Neighbors describe two sides of Ogdensburg man charged in infant daughter's death

  • In US
  • 2022-05-14 12:03:00Z
  • By Watertown Daily Times, N.Y.

May 14-OGDENSBURG - Neighbors of the Ogdensburg man charged with manslaughter in connection with his infant daughter's death seemed like they were describing two different people.

A few say he may have been neglectful of his young son, suffers from mood swings and is into hard drugs. Others say he was a nice person and a good father.

Trevor J. Samarco, 34, of 423 Belmont Courts, is being held at the St. Lawrence County Correctional Facility in Canton on a second-degree manslaughter charge in lieu of $10,000 bail or $20,000 bond.

Court records show Samarco is accused of "recklessly" causing the death of his 11-month-old daughter Amelia by putting her into a bathtub and then going to sleep in another room before finding the infant unresponsive.

Citing the ongoing investigation, Ogdensburg Police Chief Mark T. Kearns declined to comment on whether Samarco put the infant in the tub at night, and then went to sleep, or if it happened in the morning on the day of her death.

St. Lawrence County Coroner Kevin J. Crosby said an autopsy was performed on the infant Thursday at Canton-Potsdam Hospital. He declined to say much about the results, citing the ongoing police investigation. He did say the manner of death is "technically accidental," but an official ruling on the cause and manner of death is still pending.

"They really didn't find anything they weren't expecting," Mr. Crosby said.

Jordan T. Remi, a Belmont Courts resident, said he knew Samarco and had spent time with him in the past.

"Our kids would play together at the park. We'd shoot hoops together," Mr. Remi said. "He was a little weird, into drugs."

When asked what kind of drugs, he replied, "speed, meth."

Mr. Remi said sometime during the summer of 2021, Samarco's young son escaped from Samarco's residence and "was running around naked."

"He was supposedly sleeping," Mr. Remi said, adding that neighbors brought the child back to Samarco's residence. He added that the son escaped the home more than once and was seen running around, "supposedly while (Samarco) was sleeping."

Another Belmont Courts resident, Patricia A. Greenhow, said Samarco was "abusive, orally, verbally, yelling and swearing" to other children who lived in the apartment complex.

She said the kids would be in front of or near Samarco's apartment and he'd he yell at them, "Get the f--- out of here!"

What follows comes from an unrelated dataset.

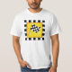 Mit diesem T-Shirt mit schwarz-weißer Schachflagge zeigen Sie Ihre Liebe des Rennens (Nascar, Schmutz, Drag, Motorrad, etc.). Anpassbar, sodass Sie Ihren Namen, Standort, Geschäftssitz oder Favoriten-Treiber personalisieren können oder Glückwünsche entweder unter der Flagge oder unter dem gesamten Design sagen können - es ist einfach, anzupassen, d zu einem Wort oder Datum oder gelöscht. Eine schwingende schwarz-weiße Schachflagge zentriert sich auf einem texturierten gelben Hintergrund. Ein schwarz-weißer Schachbrettrahmen umgibt die Kunst. Sie können das Shirt in eine andere Farbe anpassen. Das ist ein originelles Kunstdesign von Phyllis Dobbs.

"He didn't hang around with the best of people," Ms. Greenhow said.

Two of Samarco's neighbors, who asked not to be named and cited privacy concerns, described Samarco as a "nice kid, polite."

"We never heard no fighting or nothing," one of them said.

The other neighbor said they saw Samarco taking his son to a nearby basketball court. "(Samarco) was good to (his son)," the neighbor said.

Herbert P. Conto, who lives several doors down from Samarco, said he'd run into Samarco "a few times, here and there."

"His mood changed every day," Mr. Conto said. "Some days he just wasn't on."

Sarah A. Smith, who shares a home with Mr. Conto, said Child Protective Services was often seen at Samarco's residence. She believes it was in connection with supervised visits for Samarco to see his son, rather than to investigate a complaint.

The St. Lawrence County Department of Social Services referred a reporter seeking comment to DSS Commissioner Joseph L. Seeber, who couldn't be reached by press time.

Samarco's Facebook profile shows a public post dated Oct. 19, 2019, that reads, "Missing my little man, how someone could keep there (sic) child from there (sic) father after I single handedly (sic) raised him for 3 years is beyond me. Family court in 7 days see you soon ... Love you."

The post is accompanied by a photo of a young boy who appears to be about 2 or 3 years old. The boy's face in the foreground obscures the face of a man, who appears to be Samarco, behind him.

Samarco has been arrested three times in the last 17 years. In April 2005, he was charged with unlawful possession of marijuana, which is no longer illegal. In October 2021, he was arrested on two Ogdensburg City Court warrants for criminal tampering and harassment. In March, he was arrested on a St. Lawrence County Court bench warrant and taken to the county jail in Canton.

While in Ogdensburg City Court Wednesday prior to the arrival of St. Lawrence County Public Defender James M. McGahan, Samarco addressed Judge Marcia L. LeMay, who told him not to say anything to her and that police could use anything he said against him.

"How I get second-degree manslaughter is beyond me," Samarco said. "Your honor, I feel like it's a ploy to make me look like a bad guy."

As he was being brought into Ogdensburg City Hall - City Court is on the second floor - Samarco said that city police were corrupt and "making me look bad by charging me with second-degree manslaughter."

He added that he asked police to take him in for a mental health evaluation and "they put me in shackles."

"My daughter loved me more than anything in the world," he told Judge LeMay.

A preliminary hearing is scheduled for 1 p.m. Monday in City Court. Judge LeMay issued an order of protection for the deceased child's mother.